Сима была хорошим врачом, вечно погруженным в медицинскую литературу, в справочники и журналы, — со временем я понял, что только ум, сознающий свои пределы и желающий их расширить, является по-настоящему профессиональным. Училась она в Перми (в Молотове, как она называла этот город по старой памяти), и на первом курсе медицинского института ее едва не отчислили за любовь к животным. Студентов привели в лабораторию, поставили полукругом у застекленной камеры, куда поместили собаку, а потом пустили туда хлор. Первокурсники должны были стоять и записывать стадии умирания собаки. Сима устроила скандал, истерику, разнесла лабораторию, чуть сама не отравилась хлором, собаку спасла, но ее решили отчислить. Спас ее отчим — старый большевик Семен Кайдалов, бывший комиссар 11-й Красной армии, освободивший Азербайджан от мусаватистского правительства и английских войск под командованием генерала Денстервиля.



Всю жизнь Сима привечала окрестных собак, кормила и лечила: зашивала надорванные уши и порванные шкуры. Часто я видел ее в кресле в саду, меланхолично штопающую шелковой ниткой очередную здоровенную кавказскую овчарку. Псов она обычно звала одинаково ласково: Барсик. Эти церберы в нашем дворе не переводились, не говоря о кошках.

Любимый диагноз бабушки был «симулянтикус натураликус», причем ставила она его безошибочно. Не раз я ездил с ней в трущобы на окраинах Баку, в разбросанные на пустырях «нахаловки», где люди из нищих горных районов жили в построенных без разрешения властей скорлупках, собранных из найденного на свалке хлама, где царили антисанитария и туберкулез, случались холера и тиф, а врачей встречали словно богов. Мне это нравилось: я всегда испытывал враждебность со стороны мальчишек-аборигенов, но не там, не в «нахаловках». Тем более прокатиться рядом с водителем в машине скорой помощи было само по себе счастьем. На прощание Симочка совала мне в ладонь горсть никелевой мелочи.

Сима растила детей в одиночку. Мой папа в детстве страстно завидовал двум своим одноклассникам, у которых были отцы. Последнее, что он помнит о деде, кадровом военном: как он сидит у него на коленях и теребит кобуру. Сима в конце войны была призвана в прифронтовой госпиталь под Могилевом. Она оставила в детдоме двух младших детей — шестимесячную Марину и полуторагодовалого Марка, но взяла с собой старшего — моего отца. Марина вскоре умерла от скарлатины, а когда бабушка забирала Марка в 1945 году из детдома, он еще не умел ходить. Знаю по себе: дети капризничают и скучают в основном потому, что у взрослых что-то не ладится.
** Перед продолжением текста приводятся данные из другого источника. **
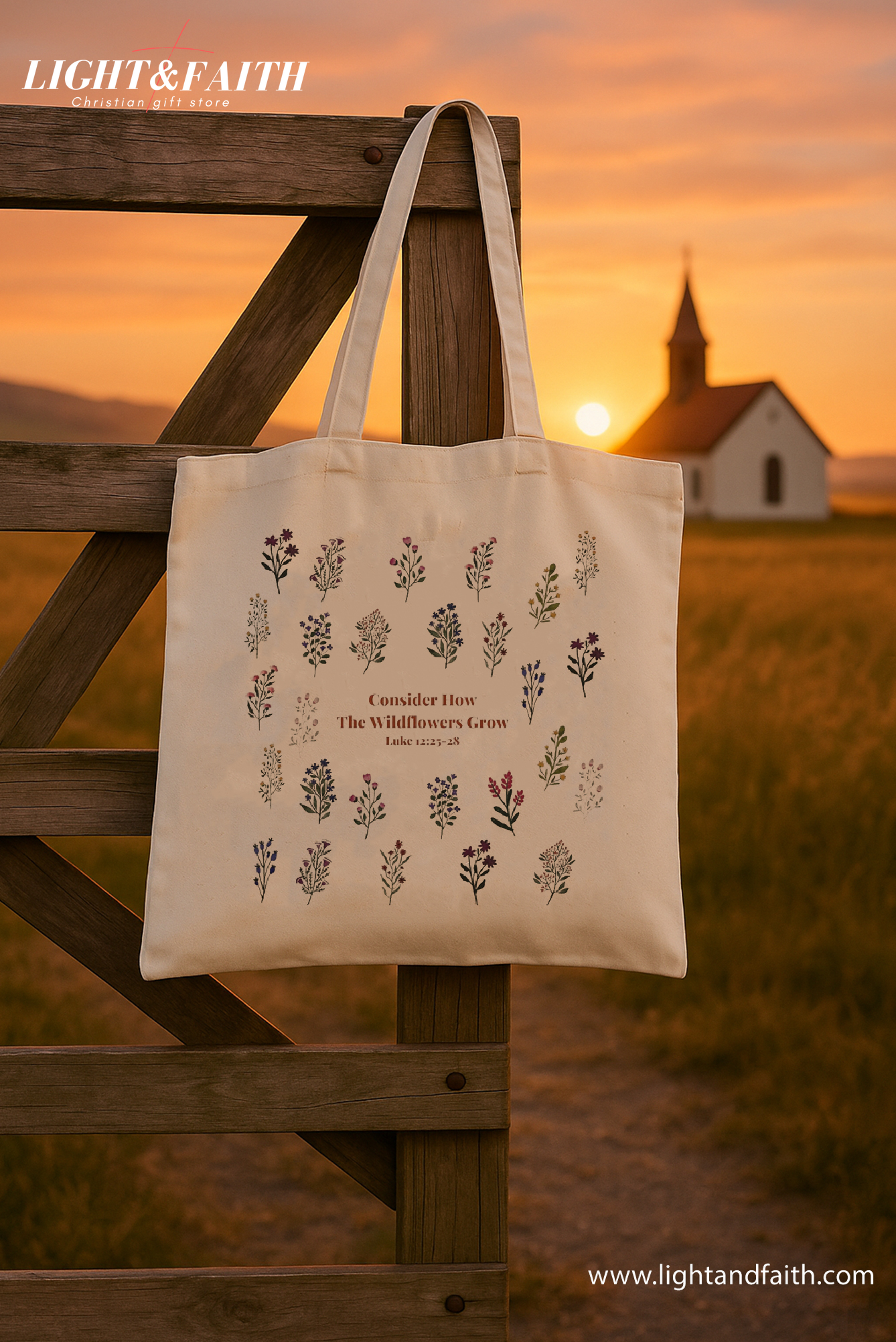 Consider How The Wildflowers Grow Tote Bag – Christian Canvas Tote – Bible Verse Bag – Religious Gift – Eco-Friendly Reusable Tote – Faith-Based Accessory TBLAF12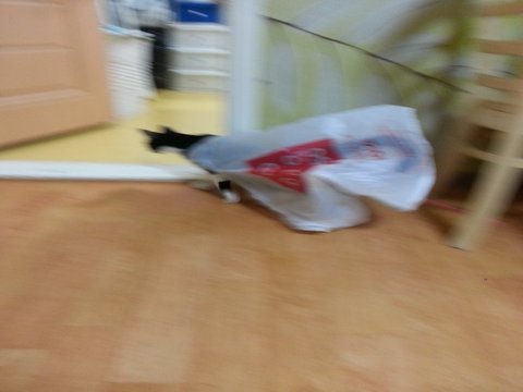 비닐봉지를 망토삼아,,,거실을 누비며,,,

В госпитале Сима в наказание запирала отца в чулан. Однажды она выволокла его через минуту и, встряхнув, сказала: «Ты так плохо ведешь себя, а у нас папу убили».

О том, что человек и мир не разделены границей, я стал думать именно тогда, в первые месяцы жизни в Сан-Франциско, когда увидел, что Сима уходит в какой-то свой особый мир. Что это было — шизофрения или деменция, — мне неведомо. Сима была счастлива, порой казалось, что этот уход для нее — избавление наяву, что ей никогда особенно не хотелось жить, и теперь открывшийся ей новый мир — мир воспоминаний и слепков чувств, пережитых когда-то, есть своего рода Великий Театр, который искали и обрели

наконец герои «Золотого ключика». И тот высокий красивый старик, что привиделся Симе на ступеньках Бакинского вокзала, как раз и был обитателем того нового мира, что овладел ею — и мной заодно.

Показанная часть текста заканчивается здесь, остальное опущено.